If you want to obey the calling convention and avoid horrible deaths, you have to do this: IUnknown *punk; void *punkvoid; psf->QueryInterface(IID_IUnknown, &punkvoid); punk = (IUnknown *)punkvoid;

Lots of other MSDN contributors made the same identical mistake.... some people might say that it works in all VC++ implementations to date, but that doesn't make it correct code, and it's still violating the calling convention.

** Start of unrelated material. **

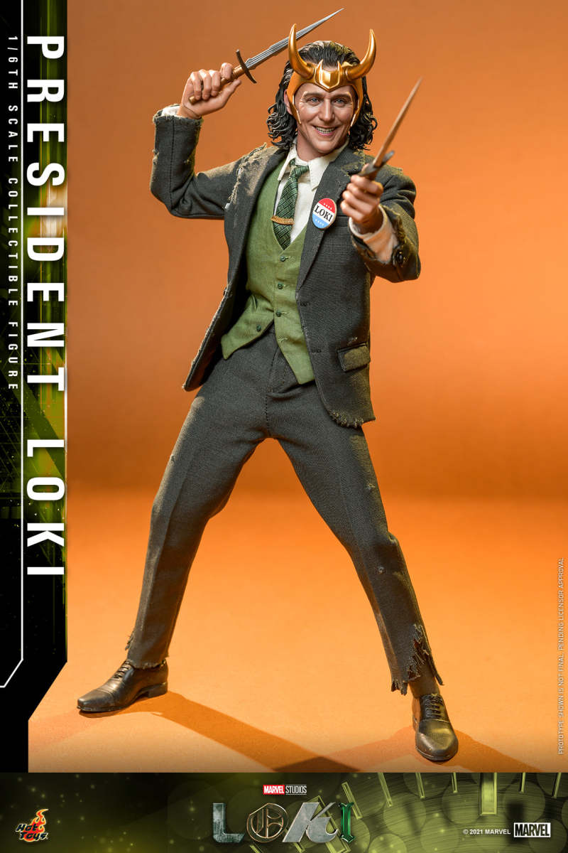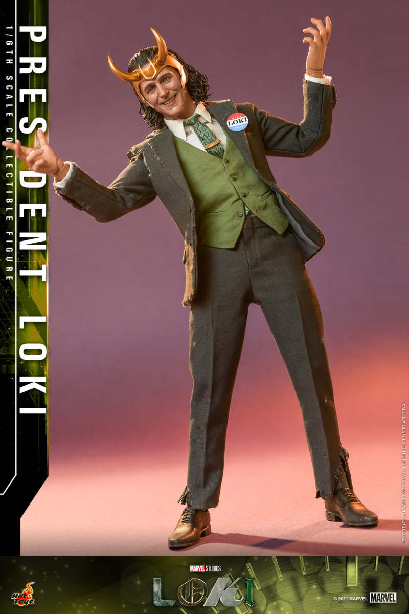 本作高約 31 公分、全身共計 30 處可動,根據《洛基》中的設定考究還原了率領眾洛基的「總統洛基」樣貌,除了搶眼的金色彎勾頭盔之外,量身縫製的灰綠色西裝、綠色背心、白襯衫,以及綠格紋領帶的搭配十分好看,遍佈各處的破損也逼真還原,頭雕打造出 Tom Hiddleston 在劇中的奸詐笑容,從神韻、面部輪廓的形塑,到往後梳的黑髮刻畫都很出色,彷彿洛基正娓娓道來自己的詭計一般生動。
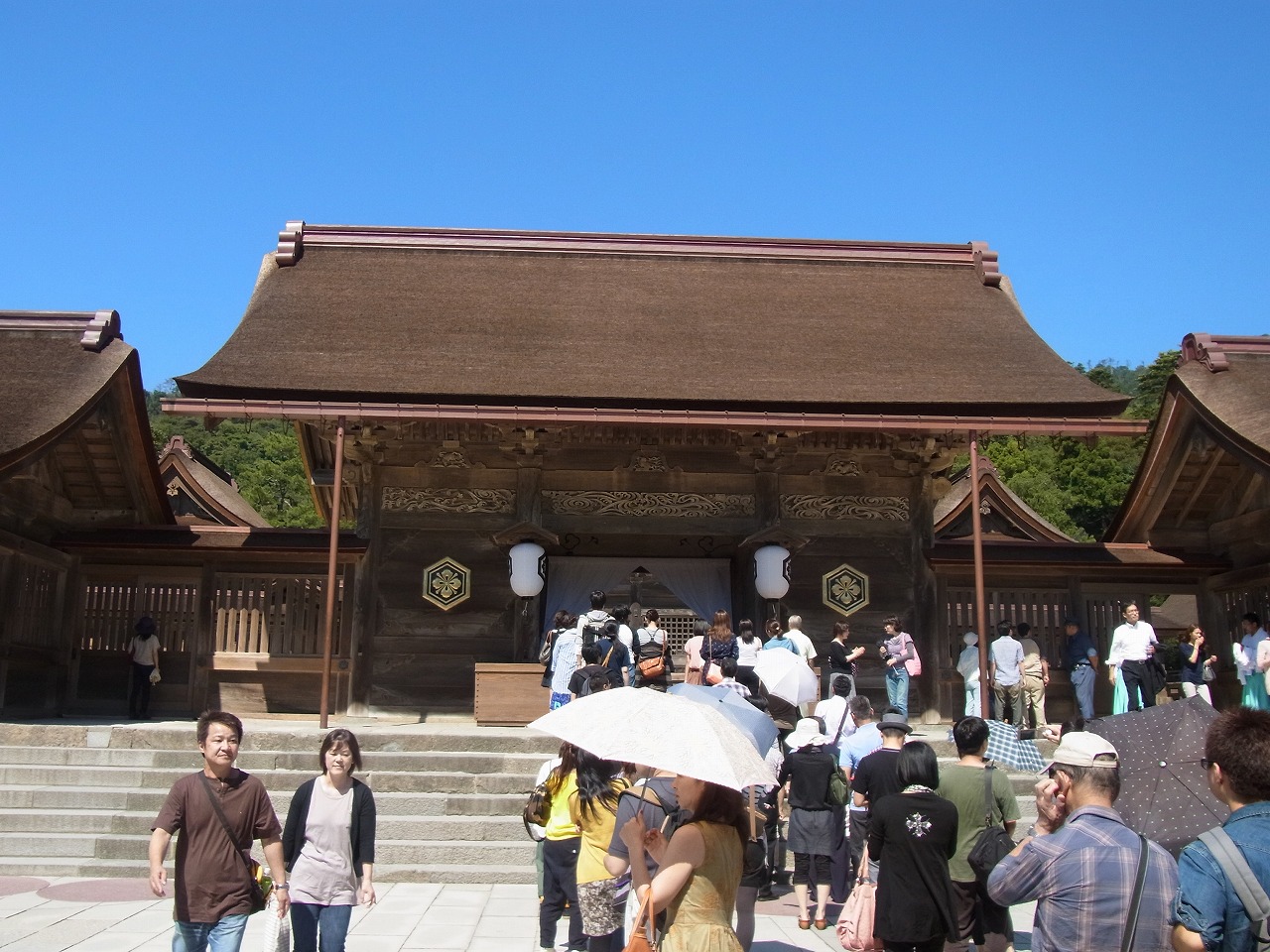本当は泊りがけでゆっくりしようと思っていたのですが、平成の大遷宮、および来月は神在月(出雲で神様の全体会議”神議り”があるため、全国的に神様が出張中で”神無月”、出雲だけは”神在月”になる)ということもあり、出雲の盛り上がりが半端ではなく、宿が全く取れなかったんですよね・・・orz

In light of this I went to change my old code - which was as follows:

#include <comdef.h>

...

HRESULT FinalConstruct()
{ 
    if (m_dwROTCookie != 0)
        return E_FAIL;

    //Check whether there already is an instance of the Object
    IUnknownPtr pUnk = NULL;
    if (GetActiveObject(CLSID_Object, NULL, &pUnk) == S_OK)
    {
        TRACE_WARNING("An instance of Object already exists in the current context");
        return S_OK;
    }
    HRESULT hr = QueryInterface(IID_IUnknown, reinterpret_cast<void **>(&pUnk));

    hr = RegisterActiveObject(pUnk, CLSID_Object, ACTIVEOBJECT_WEAK, m_dwROTCookie);        
    if (FAILED(hr))
        return hr;

    hr = CoLockObjectExternal(pUnk, TRUE, TRUE);
    pUnk = NULL;
    ATLASSERT(m_dwRef == 2);
    return hr;
}

I then changed it as follows:

HRESULT FinalConstruct()
{ 
    if (m_dwROTCookie != 0)
        return E_FAIL;

    //Check whether there already is an instance of the Object
    IUnknownPtr pUnk = NULL;
    if (GetActiveObject(CLSID_Object, NULL, &pUnk) == S_OK)
    {
        TRACE_WARNING("An instance of Object already exists in the current context");
        return S_OK;
    }
    void* pUnkVoid = NULL;
    HRESULT hr = QueryInterface(IID_IUnknown, &pUnkVoid);

    if (SUCCEEDED(hr)
    {
        pUnk = reinterpret_cast<IUnknown*>(pUnkVoid);
        hr = RegisterActiveObject(pUnk, CLSID_Object, ACTIVEOBJECT_WEAK, m_dwROTCookie);        
        if (FAILED(hr))
            return hr;

        hr = CoLockObjectExternal(pUnk, TRUE, TRUE);
        pUnk = NULL;
    }
    ATLASSERT(m_dwRef == 2);

    return hr;

However now my application has a memory leak from this the COM Object

A: 

Mmm, I think that rather than assigning the void* to pUnk I should be using:

pUnk.Attach(reinterpret_cast<IUnknown*>(pUnkVoid));
Stone Free
A: 

You likely have a memory leak because you call GetActiveObject() and QueryInterface() which upon success increment the reference count on the object, but don't call Release() later to decrement the reference count.